#### DATA RECORDS

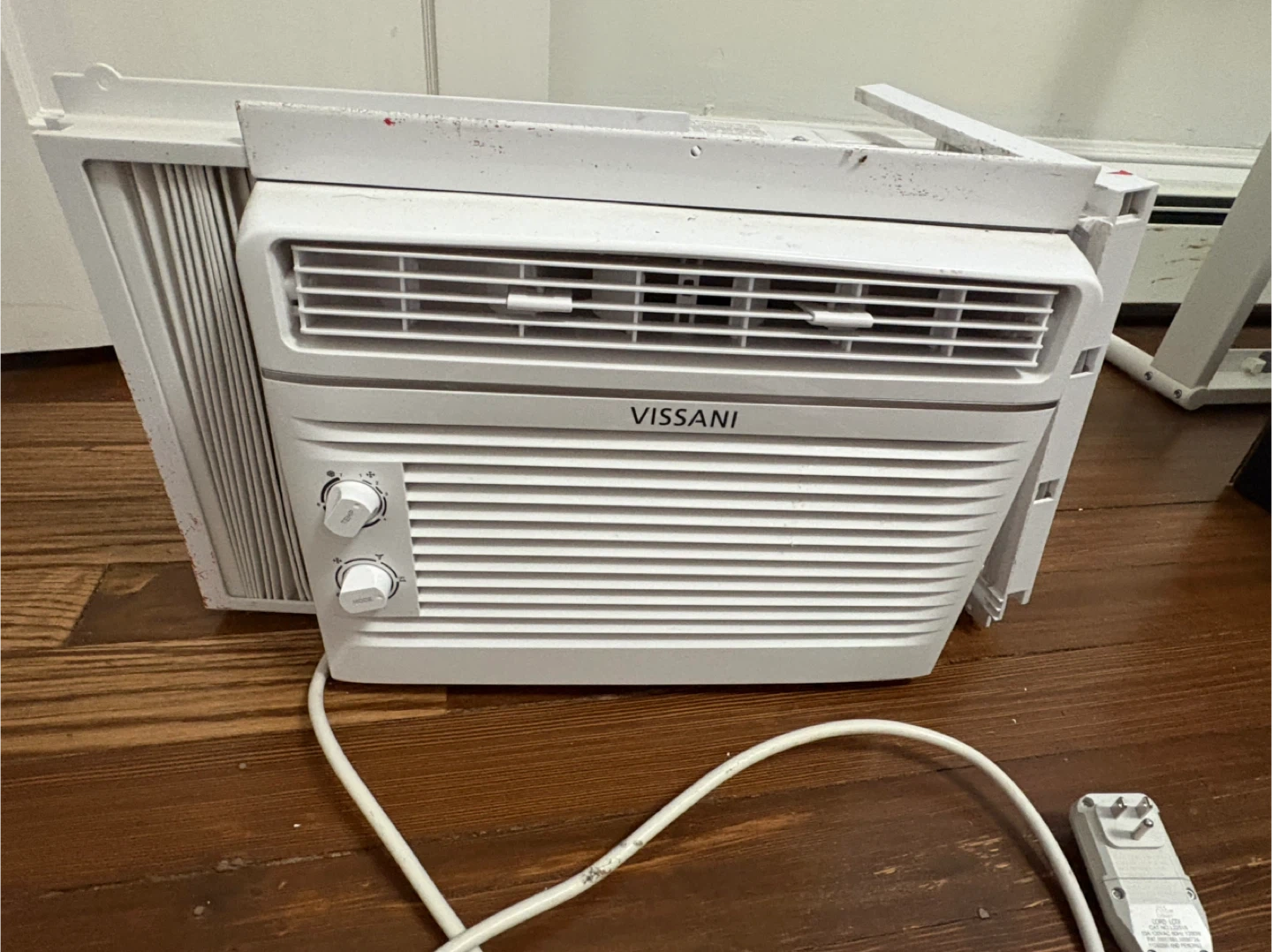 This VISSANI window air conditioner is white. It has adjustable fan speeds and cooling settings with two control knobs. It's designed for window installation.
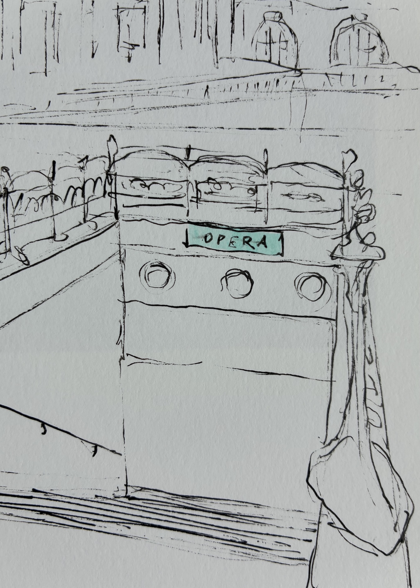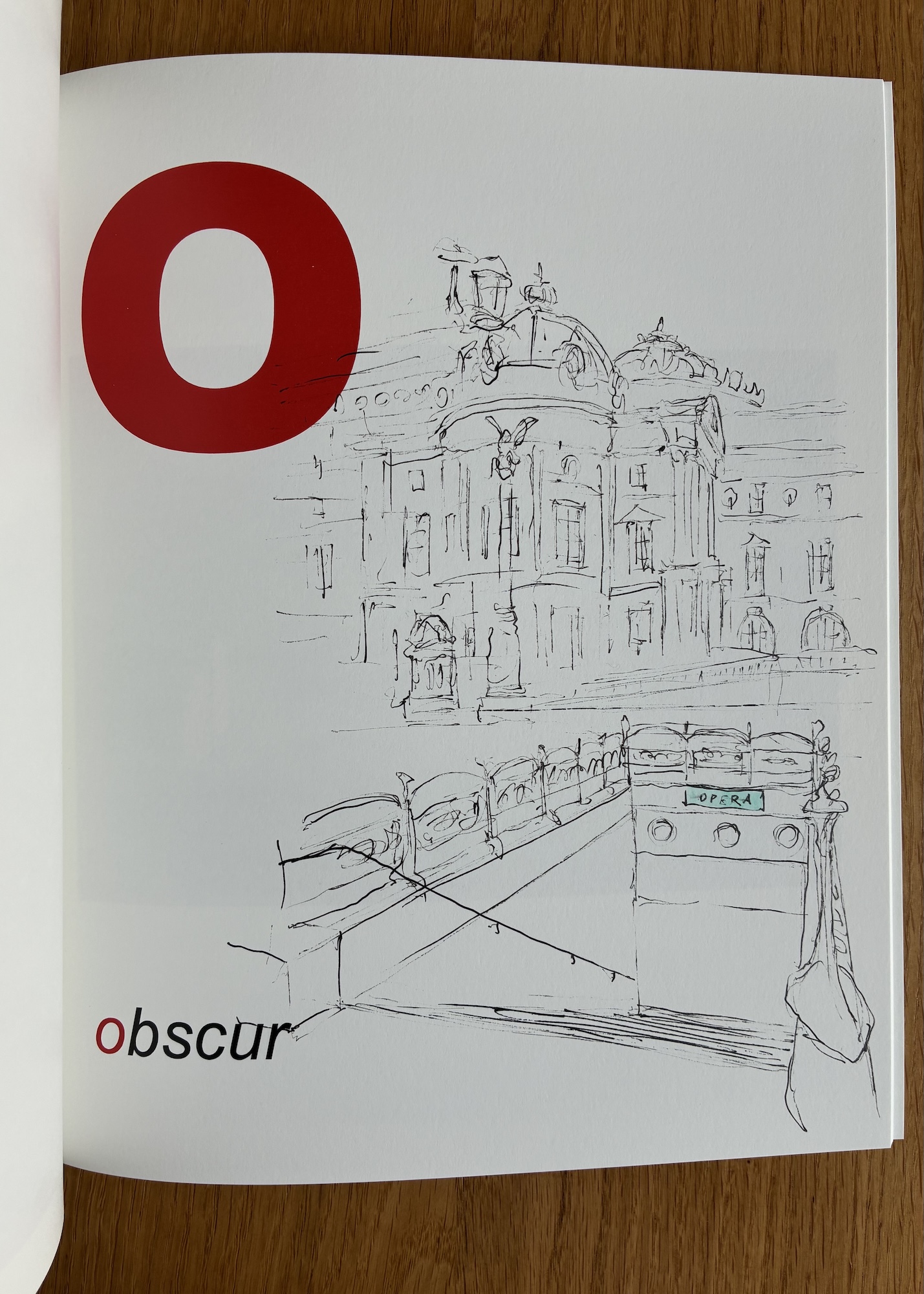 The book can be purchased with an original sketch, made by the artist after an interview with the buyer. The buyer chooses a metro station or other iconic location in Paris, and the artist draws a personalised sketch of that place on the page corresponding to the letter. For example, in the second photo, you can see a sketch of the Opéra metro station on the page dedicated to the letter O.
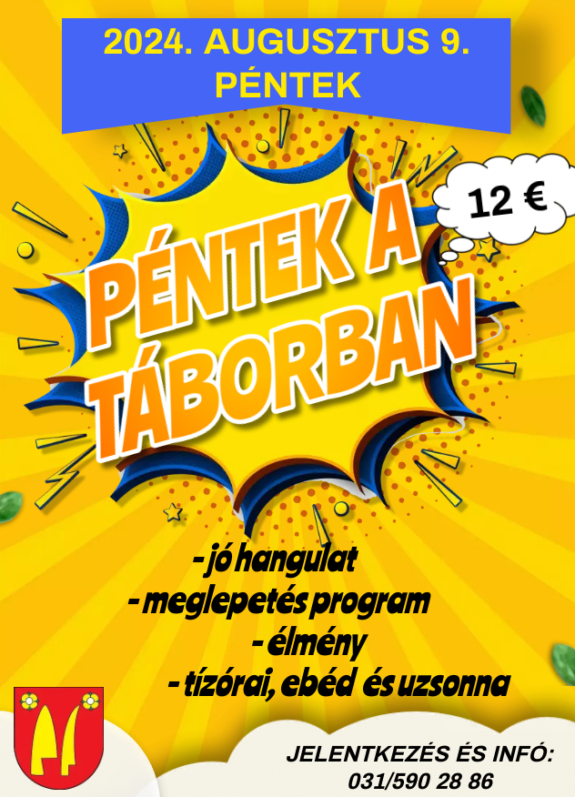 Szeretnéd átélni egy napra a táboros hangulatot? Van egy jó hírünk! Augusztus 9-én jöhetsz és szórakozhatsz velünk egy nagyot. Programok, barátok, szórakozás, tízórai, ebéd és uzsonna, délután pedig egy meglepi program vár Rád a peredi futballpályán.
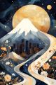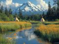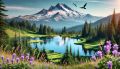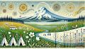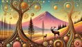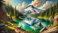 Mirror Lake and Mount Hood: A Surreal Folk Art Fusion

########
#### DATA RECORDS

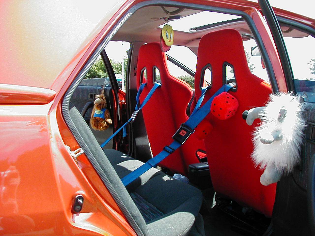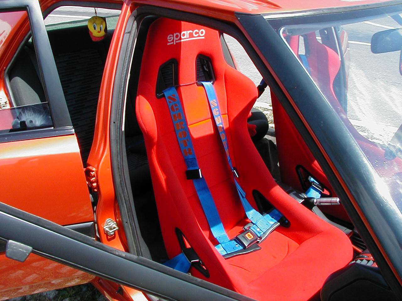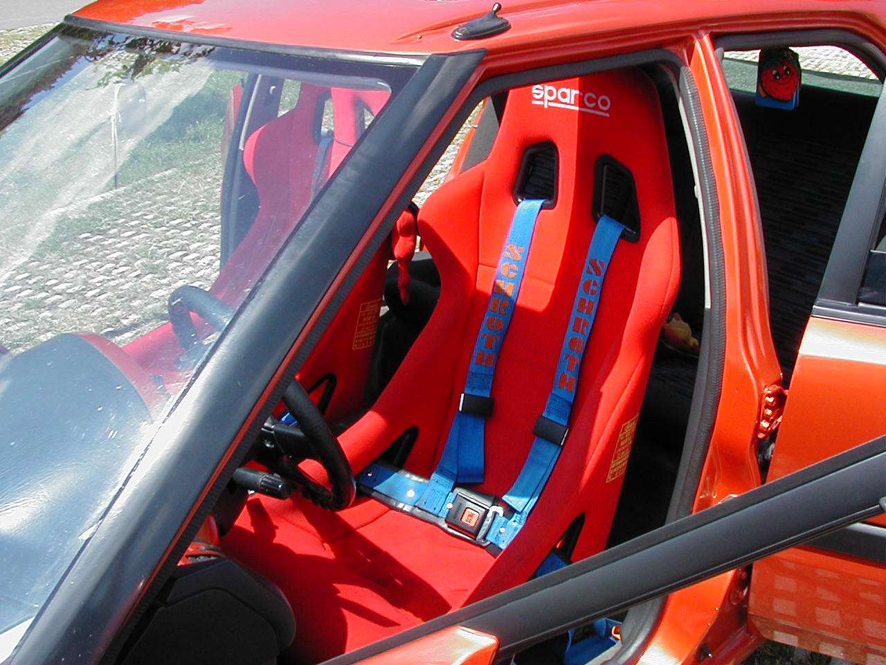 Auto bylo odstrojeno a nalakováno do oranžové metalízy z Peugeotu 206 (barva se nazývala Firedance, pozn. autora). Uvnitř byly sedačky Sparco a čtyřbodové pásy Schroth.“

########
#### DATA RECORDS

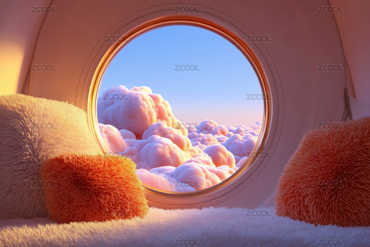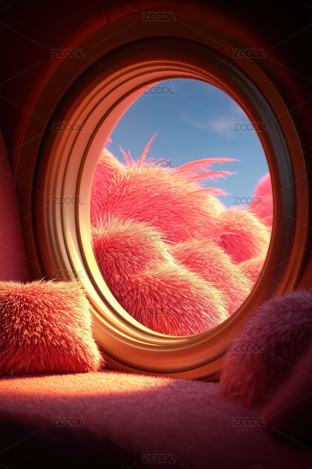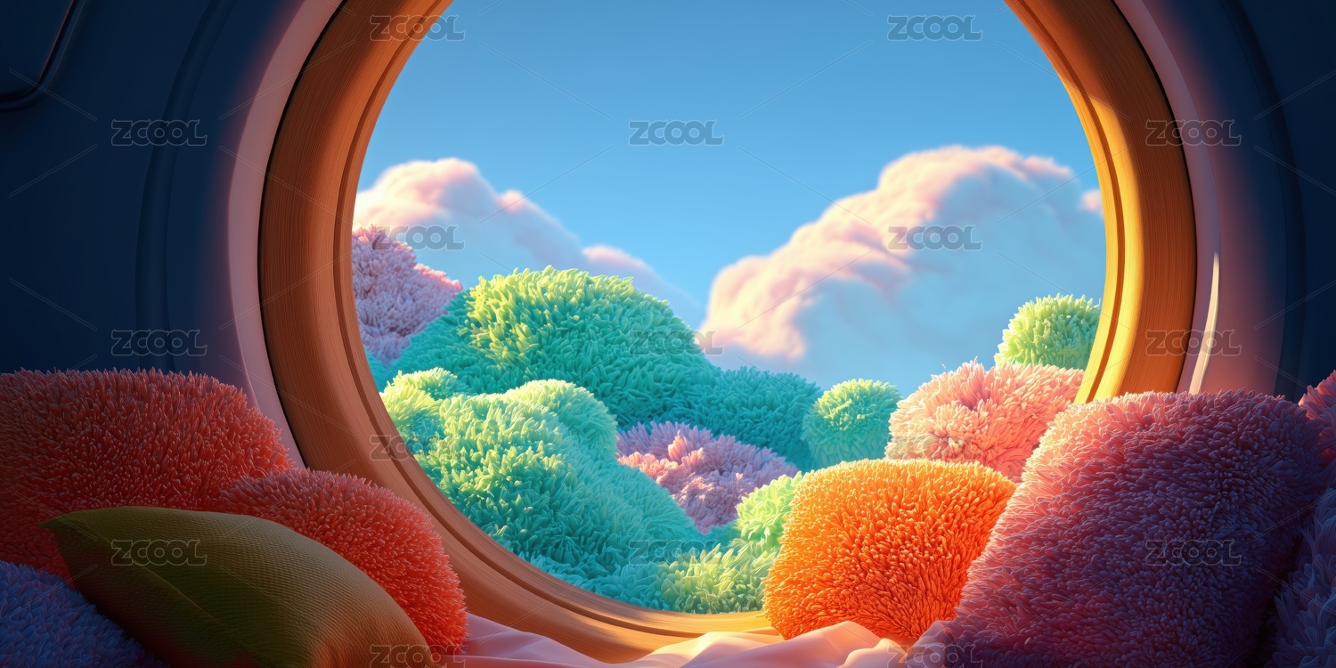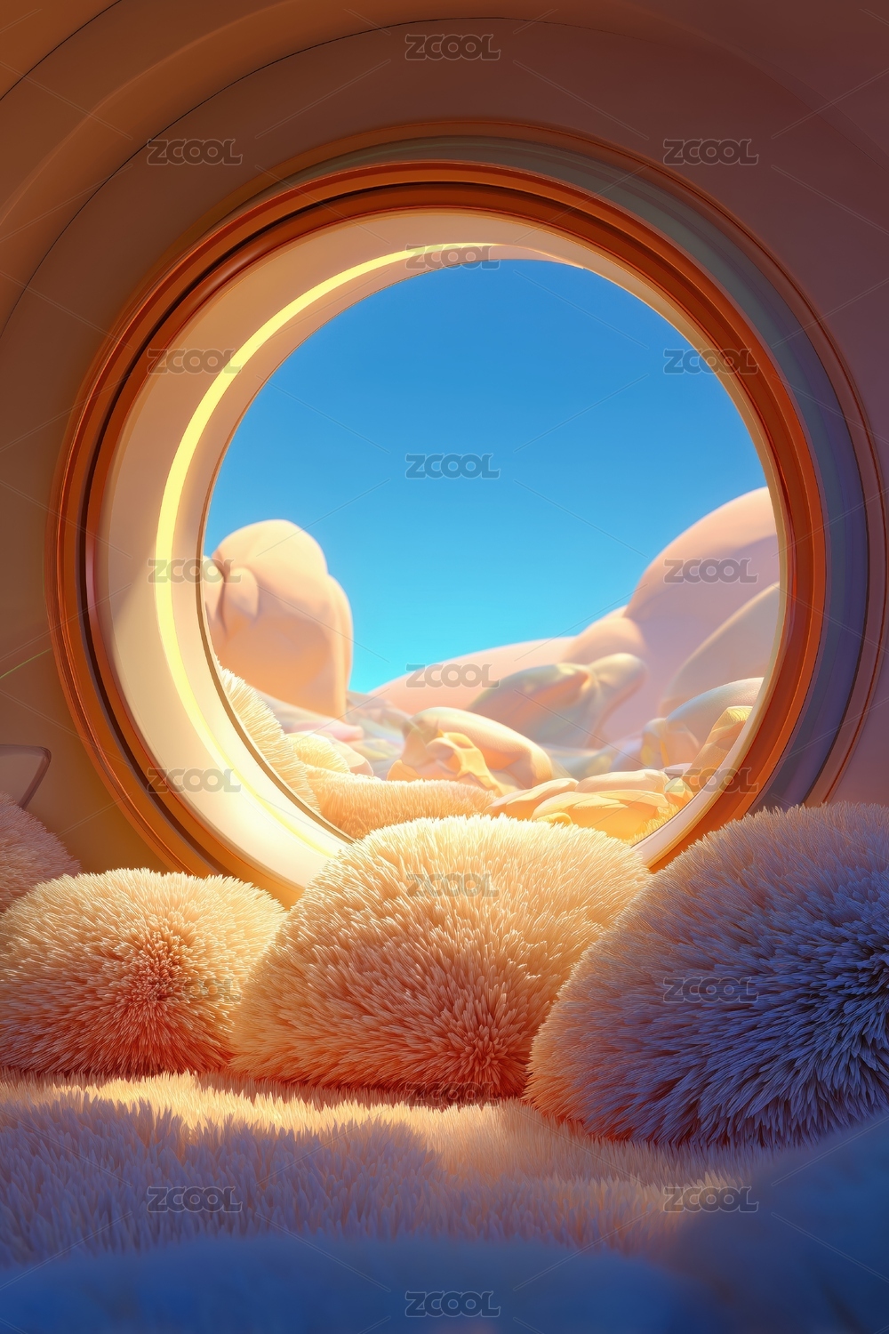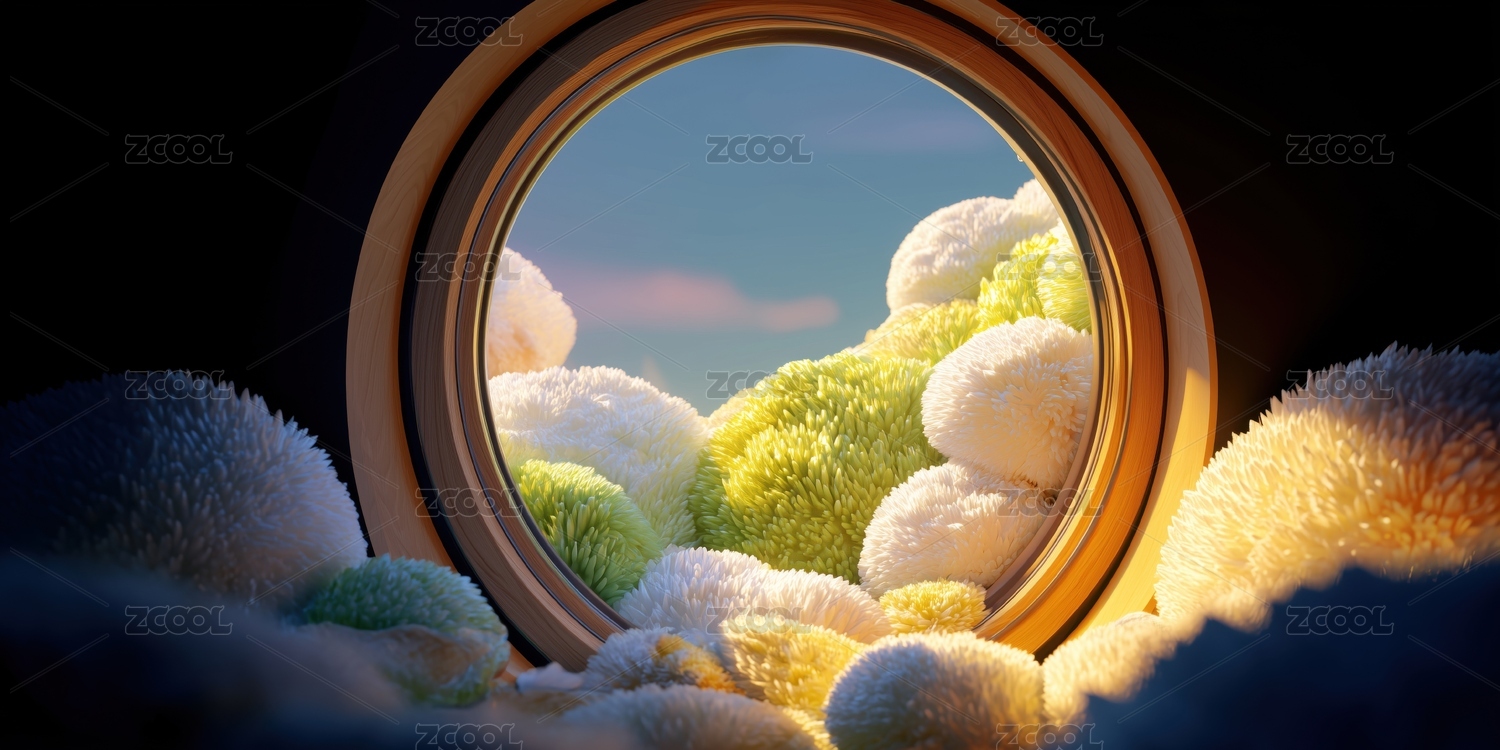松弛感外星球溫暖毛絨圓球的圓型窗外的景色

########

## YOUR OBJECTIVE
Quote the data above exactly from the line with "The book can" to the line with "Mirror Lake and", both ends counted, and nothing else. Pictures don't go in.

## RESPONSE TO THE TASK
 The book can be purchased with an original sketch, made by the artist after an interview with the buyer. The buyer chooses a metro station or other iconic location in Paris, and the artist draws a personalised sketch of that place on the page corresponding to the letter. For example, in the second photo, you can see a sketch of the Opéra metro station on the page dedicated to the letter O.
 Szeretnéd átélni egy napra a táboros hangulatot? Van egy jó hírünk! Augusztus 9-én jöhetsz és szórakozhatsz velünk egy nagyot. Programok, barátok, szórakozás, tízórai, ebéd és uzsonna, délután pedig egy meglepi program vár Rád a peredi futballpályán.
 Mirror Lake and Mount Hood: A Surreal Folk Art Fusion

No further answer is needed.